But if they fetch a lot of URLs from cloudflare and it takes 30 seconds to answer with a timeout instead of a http/200 under 20ms, then some architectural decisions that were sound under the latter case may make the whole system slow in the former one.
People have started testing network failures but so often fail to test slow network failures. All of a sudden your code has 500x more pending open sockets, both in and out, and the memory spikes and it all goes to hell. Even if the fast fail code path is indeed best effort.
I would love to see graphs showing "length of reply that eventually succeeded" - I suspect that most networks today, if you don't get a response in 5 seconds, you ain't never gonna get anything useful.
In other words, I wonder if going to fail fast would help the health of the Internet more than wait forever timeouts. Might reduce DDoS effects, too.
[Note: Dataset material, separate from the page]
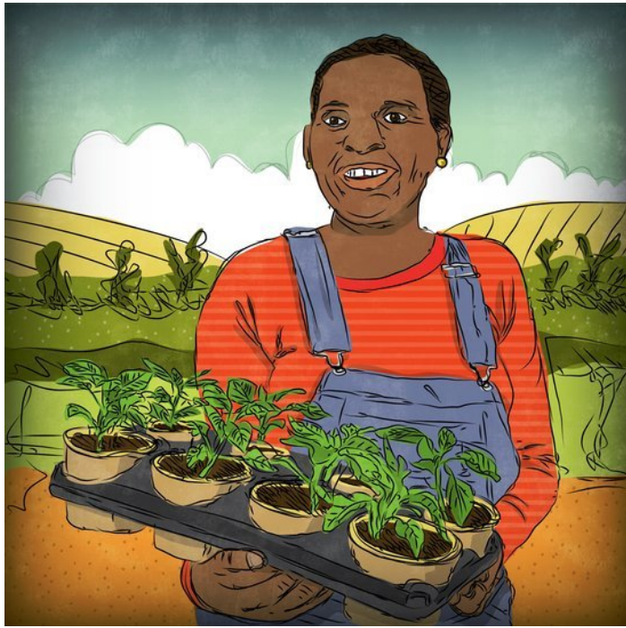
Lo ngu-Ayanda, ummelwane wam.

> When we plotted the data geographically and compared it to our total numbers broken out by region, there was a disproportionate increase in traffic from places like Southeast Asia, South America, Africa, and even remote regions of Siberia. Further investigation revealed that, in these places, the average page load time under Feather was over TWO MINUTES! This meant that a regular video page, at over a megabyte, was taking more than TWENTY MINUTES to load! This was the penalty incurred before the video stream even had a chance to show the first frame. Correspondingly, entire populations of people simply could not use YouTube because it took too long to see anything. Under Feather, despite it taking over two minutes to get to the first frame of video, watching a video actually became a real possibility. Over the week, word of Feather had spread in these areas and our numbers were completely skewed as a result. Large numbers of people who were previously unable to use YouTube before were suddenly able to.
If you're building complicated systems, you should probably reduce traffic to sites that are failing to respond, rather than continuing to send traffic, but timeout faster. Depending on what stage in the process the request is failing, it might not make a big difference (in a typical HTTPS exchange, the costs ramp the farther you go, processing a syn < processing a client hello < processing a complex request. (If it's a simple request, processing the client hello is more expensive than the request, of course).
If you send all the same traffic, and probably more because of retries with shorter and shorter timeouts, chances are you are going to keep the system overloaded, never detect success and never return to default timeouts. Dropping most of the traffic, and then turning it back on when the system recovers can lead to oscillation where the system works enough to drive more traffic that overloads the system etc, but at least you're getting some processing done.
Well, you do need, jitter, exponential backoff, caching, black and white listing, a stat base decision tree, etc. That's why it's a complicated and costly problem.
But if you are consuming a lot of API content, if you have crawlers or if you provide features like "get article title/summary/image/thumbs", at some scale it's an important decision to make.
I guess that comes with the type of end point in that network. A typical website, absolutely, yes, I'd agree. An API end point allowing requests of large data pools that might take a few seconds to generate but yet not a total time out would be acceptable.
But if they fetch a lot of URLs from cloudflare and it takes 30 seconds to answer with a timeout instead of a http/200 under 20ms, then some architectural decisions that were sound under the latter case may make the whole system slow in the former one.